The Atlanta Journal-Constitution
 

Joe Briggs says he isn’t antisemitic — just anti-Israel. 

And the Suwanee City Council candidate finds it strange that a series of controversial tweets he wrote about Jews have come to light just a few days before next week’s election.

“I’m absolutely not racist in the very least,” Briggs said.

Briggs, a 59-year-old engineer and political newcomer, defended this week a string of tweets he wrote over the last year-plus. 

The posts are critical of Israel’s government and its role in American affairs — and they also compare Jews to Nazis, refer to Zionists as “cockroaches” and call American slavery “cheap labor to big business.”

“CNN is run by white supremacists,” Briggs tweeted in August, in response to the TV network firing analyst Jeffrey Lord. Lord’s tweet included the Nazi salute “Sieg Heil!” in response to people seeking to have Fox commentator Sean Hannity removed from the network.

In the same tweet Briggs wrote : “zionists in Israel far worse than anything described in Mein Kampf. Get over it.”

“Mein Kampf” is the 1925 book in which Adolf Hitler describes his political and social ideologies. 

“Get the Jews out of the White House and out of POTUS’ ear,” Briggs wrote in a tweet from September that referenced the U.S. weighing a more “aggressive” approach in Iran.

Two days later, with an inspiration that was unclear: “At least the Nazis assimilated and contributed to US society.”

A few days after that: “The problem is that Jews don’t care about racism — because they are racist. They only care about racism directed towards them. Square that.”

Briggs’ tweets, which he confirmed are authentic, are now “protected” and viewable only to approved followers. They were brought to light this week when the wife of current Suwanee City Council member Dick Goodman, who is Jewish, wrote a lengthy post in the online community NextDoor. 

Written just a week or so before the city’s Nov. 7 election, Louise Goodman’s post referenced Briggs social media activity as well as his online review of “Mein Kampf” in which Briggs referred to Hitler as “a patriot.” 

“Is this the kind of person you want representing you and the city of Suwanee?” Louise Goodman wrote. Reached through her husband, she declined to comment further.

Briggs, an engineer, is not running against Dick Goodman but against Post 4 incumbent Beth Hilscher. He has campaigned on a platform of stopping what he calls Suwanee’s “over-development.”

He believes his social media activity — which he repeatedly defended as anti-Israel and not antisemitic — is surfacing now because that message is gaining traction.

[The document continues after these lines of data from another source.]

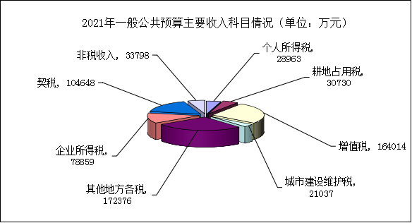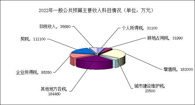 2022年財政總收入預(yù)期1043980萬元,比上年增長8.5%;其中一般公共預(yù)算收入685180萬元,比上年增長8%,主要收入科目情況如下圖:
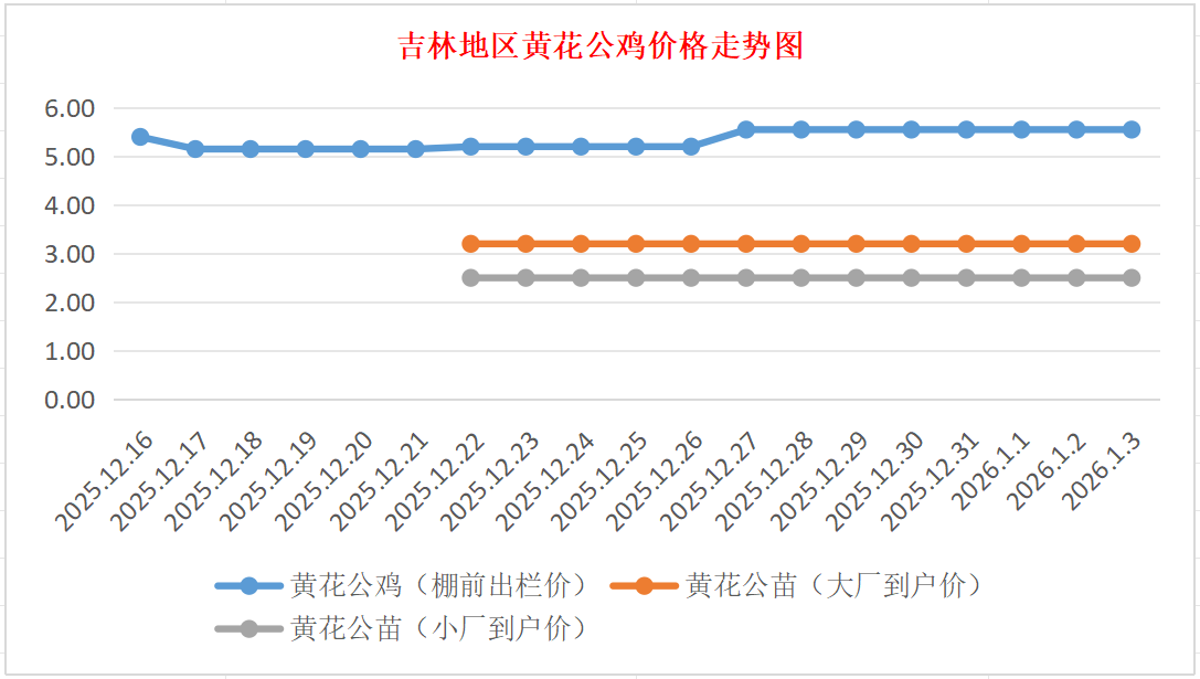 1月3日吉林黄花公鸡、鸡苗价格行情
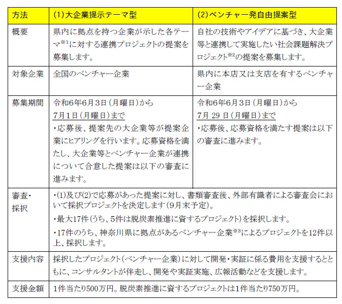 ※2 「(2)ベンチャー発自由提案型」については、社会課題の例として、令和6年3月に策定した「新かながわグランドデザイン」における各プロジェクトの取組を御参照ください。

“The current board has failed to take the number of kids and cars into consideration when zoning and allowing variances, and we are steeped in traffic, our schools have overflowed into trailers, and our kids don’t have enough practice fields to play ball,” Briggs wrote in a lengthy email to The Atlanta Journal-Constitution Wednesday. “So someone has unscrupulously dug up the ultimate ‘antisemitic’ dirt on me in order to stop the discussion. I hope that the voters of Suwanee are above it.” 

Dov Wilker, the director of the American Jewish Committee’s Atlanta office, called Briggs’ comments “severely offensive and insulting.”

“Especially any comment about Jews as bugs or cockroaches is an indication, it’s classic anti-Zionist trope,” Wilker said. “ ... The notion that, ‘I’m not antisemitic, I’m just anti-Israel,’ it doesn’t fly anymore. [Briggs] may not be racist, but he’s definitely antisemitic.”

Briggs is merely the latest in a series of candidates or officials in Gwinnett County to raise eyebrows with social media this year.

Just over a week ago, Facebook posts by Peachtree Corners City Council candidate Luke Crawford drew public criticism from Gwinnett’s Democratic Party and others. Crawford, 24, defended the posts, which said “violence is golden” in referenced guns and included apparent anti-Islamic sentiments.

In August, part-time Gwinnett magistrate judge and former Grayson mayor Jim Hinkle resigned after The AJC reported on Facebook posts in which he referred to those protesting Confederate monuments as “snowflakes” and compared them to terrorists.

Gwinnett County Commissioner Tommy Hunter created months-long backlash — and triggered an ethics investigation and public reprimand — with his own social media exploits. In January, he wrote a Facebook post calling U.S. Rep. John Lewis a “racist pig.” 

The post also referred to Democrats as “Demonrats” and a “bunch of idiots.”